我们学校的对面是一条美食街,到了黄昏时分,各个门店就开始热闹了,还有推着小车的各种小吃也接二连三的凑过来沿街排开,渐渐的人也多了起来,同学们三五成群,一眼望去人头涌动。过不了多久拥挤的小巷子里有些地方冒出热气腾腾的烟气,有些地方翻滚的油锅窜动着火光,还有些地方正叫卖着“臭豆腐儿,五元一份喽”,相比白日里平静的小巷子,一到晚上可就人气十足了。

何理最喜欢巷尾的一家面馆,也不需要什么口味儿,她偏爱一碗清水面。刚上大学时何理就找到了这家面馆儿,往后我们经常来这里吃上一碗。这家面馆也没有名字,摊位摆在美食街的最末端,每次来这里都要穿过整条美食街,何理通常都是一路吃过来,要么拿上一把串串,要么裹上一小包薯条,总之嘴里不能停,等到了面馆时就不觉得馋了,所以一碗清水面也就够了。

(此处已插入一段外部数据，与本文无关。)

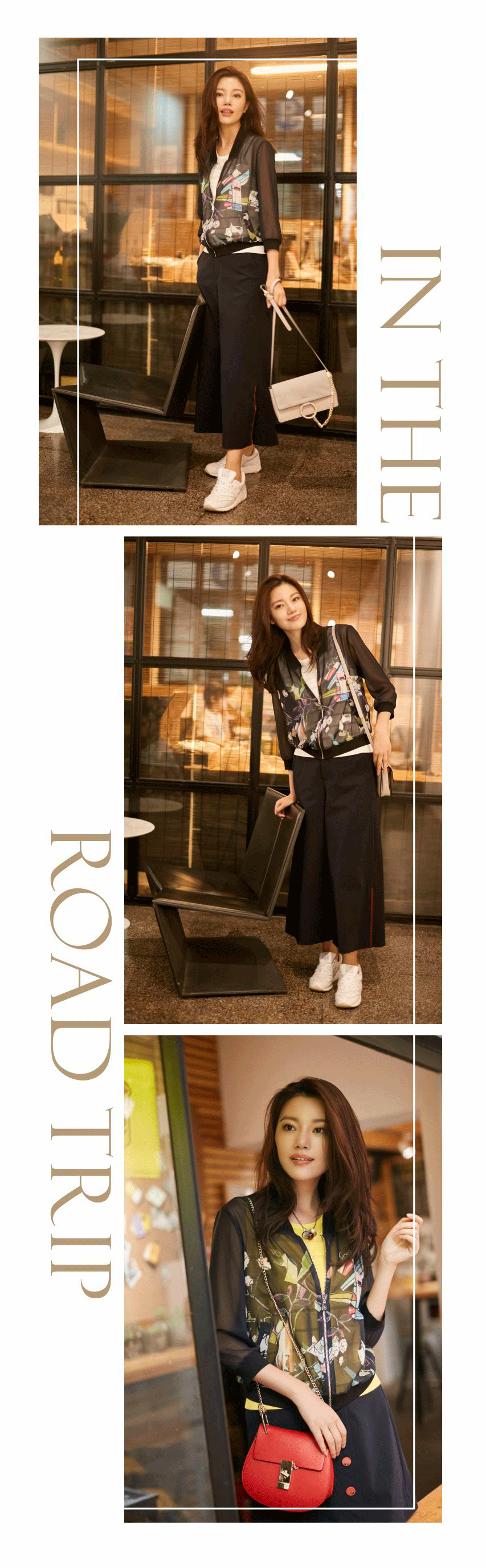 威尼斯白天平均温度 27℃,夜间平均温度 17℃,亮色无袖小衫外搭印花雪纺棒球外套,既能灵活应对变化的天气,又能满足貌美的需求。丈青色外套与威尼斯湛蓝的天空遥相呼应,设计师原创的“写意时光”花型,将水彩画作的静物花型通过撕碎的方式重新组合,恍如将如画般的威尼斯穿在了身上。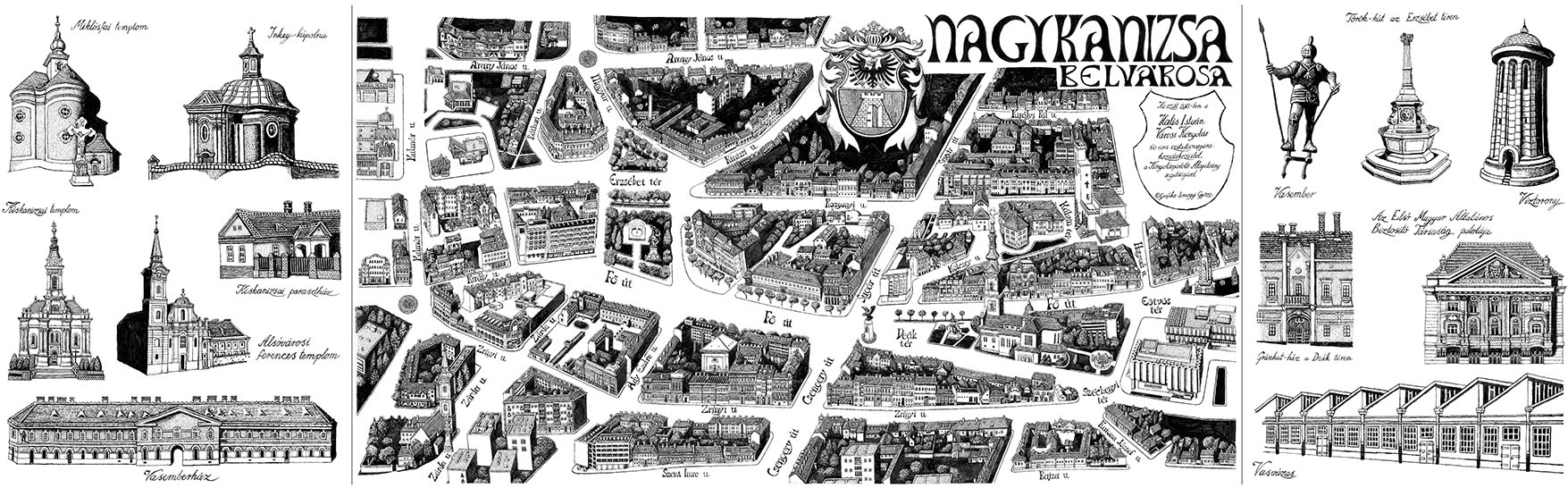 Nyilvános 2461 | 9106 | Nagykanizsa belvárosa madártávlati képe - Somogyi Győző alkotása - nagy méretben megtekinthető a könyvtárban, kis méretben meg is vásárolható a könyvtártól: | A 30x100 cm-es Nagykanizsa belvárosa madártávlati kép érvényes olvasói tagsággal rendelkezők számára 200 Ft-ba kerül, egyébként 300 Ft, fóliázott változatban 600 Ft (olvasóinknak 500 Ft). |
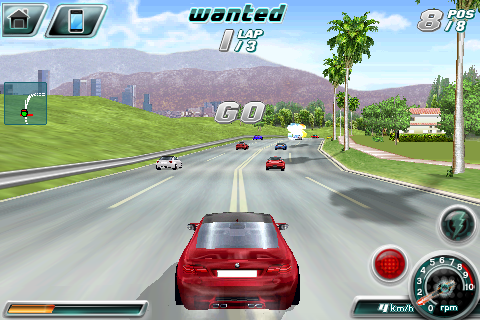 Asphalt 4 — красочные гонки на крутых тачках, здесь есть все от мешающегося транспорта, до погони полиции, управлять можно как спомощью акселерометра так и с помощью тач скрина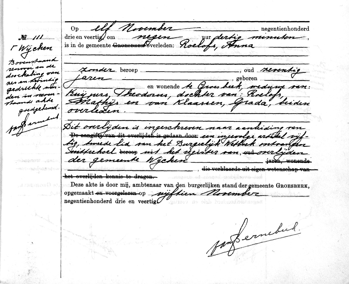 Anna Roelofs overlijden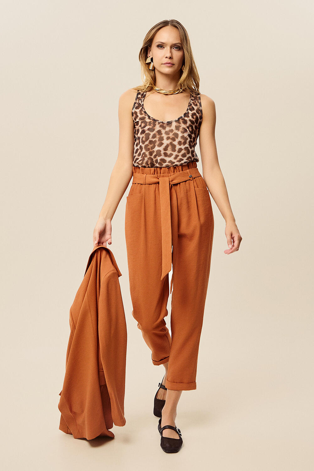 High-waisted trousers with belt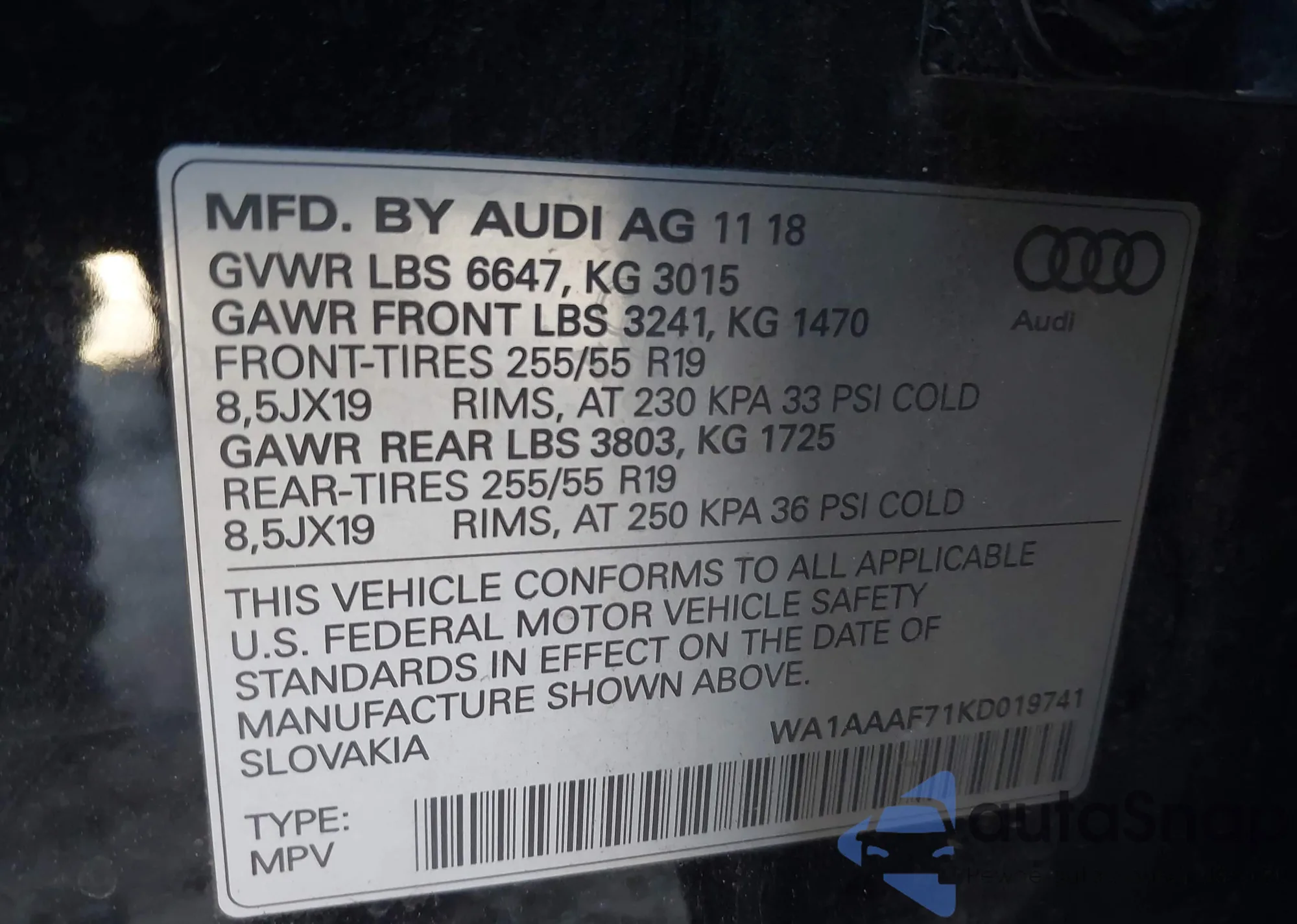 LOT: 44174837 VIN: WA1AAAF71KD019741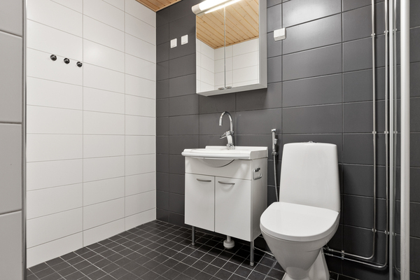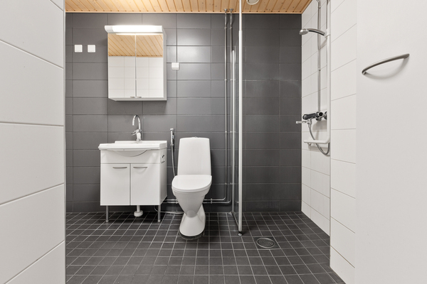 | Kylpyhuoneen kuvaus | Pesukoneliitäntä, lattialämmitys, suihkuseinä, peilikaappi, suihku ja wc-istuin, seinät (kaakeli), lattiat (laatta) |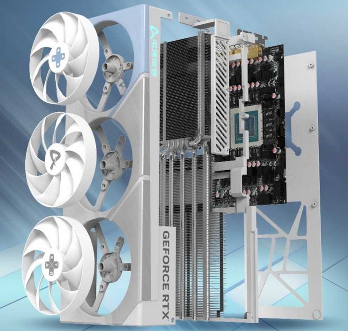 不过,还有一些品牌还能买到,就比如AX电竞判客的 RTX 4090,售价和纯公版价格一样为12999元,白色涂装,配有顶级三风扇散热器。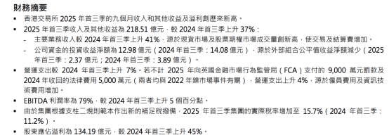Core Insights - Hong Kong Stock Exchange (HKEX) reported record high total revenue and net profit for the first three quarters of 2025, with total revenue reaching HKD 21.851 billion, a 37% year-on-year increase, and net profit of HKD 13.419 billion, up 45% [1][3] Revenue and Profit Growth - The significant growth in HKEX's performance is attributed to increased market trading activity and a surge in new stock listings, with major business revenue rising by 41% year-on-year [3][4] - In Q3 alone, HKEX achieved a revenue of HKD 7.775 billion, marking a 45% increase, and a net profit of HKD 4.9 billion, which is a 56% rise compared to the previous year [1][3] Trading Activity - The average daily trading volume for the first three quarters reached HKD 256.4 billion, a remarkable 126% increase year-on-year, driving significant growth in trading and settlement fees [3][4] - Stock trading fee revenue amounted to HKD 4.193 billion, more than double that of the same period last year [3] Stock Connect Performance - The Stock Connect mechanism showed strong performance, with average daily trading volumes for Shanghai-Hong Kong Stock Connect and Shenzhen-Hong Kong Stock Connect reaching RMB 206.4 billion and HKD 125.9 billion, respectively, representing year-on-year increases of 67% and 229% [3][4] - Total revenue from Stock Connect rose to HKD 3.225 billion, an 81.18% increase year-on-year [3] New Listings and Capital Raising - The new stock market has become a crucial driver of HKEX's growth, with 297 new stock listing applications processed by the end of Q3, more than triple the 84 applications at the end of 2024 [4] - HKEX led the global market in new stock fundraising, with a total of HKD 188.3 billion raised from 69 companies, over three times the amount raised in the same period last year [4] Strategic Initiatives - HKEX's CEO emphasized ongoing strategic reforms aimed at diversifying the market, enhancing liquidity, and strengthening global connectivity to solidify Hong Kong's status as an international financial center [4] - Industry experts express optimism about HKEX's future, highlighting its core trading business, Stock Connect mechanism, and strong performance in new stock fundraising as indicators of resilience and vitality in the international financial hub [4]

面馆儿的老板我和何理都相熟了,他四十来岁,操着一口淮南口音,时常一副和善的笑容,他腰有些弯,不知道是面馆生意太好需要他时刻保持下面的姿势,还是他真的弯了腰。

何理走后,我很少来美食街,即使来了也随便对付上几口算了事,几乎不会走到巷尾的小面馆。

我再去面馆儿是一个稀疏平常的午后,身边没了何理我自是有些孤单,我很木然的走在小吃街,在多多少少的人群里挪动,也没什么胃口,晚饭和我好像都没有着落。

我不知不觉就走近了面馆儿,老板见着我跟我打招呼:“来啦!”

我点点头说:“嗯。”好像也没别处可去,就自然而然进了面馆里落座。

我没有点单,很长一段时间以来我和何理都是一碗清水面,我加香菜,何理不要,老板早就明了了。彼时的面馆里还没什么人,我胡乱的摆弄着手机,干巴巴的等一碗面,也像是在等一个人。

我看着面馆儿外面的行人,一个人的时侯我喜欢看来来往往的女同学,尤其是好看的女同学,她们很美好,却一转眼就在狭小的巷子里的人群里不见了。

看那些漂亮的女同学心情总是不错的,她们青春,她们可爱,她们露着大白腿,就和何理一样。不同的是何理的鬓角隐约间能在发丝里看到一道疤,漂亮的女同学都没有,我仔细的看过,不过也许她们也有疤痕,只是在我看不见的地方,也可能在心里。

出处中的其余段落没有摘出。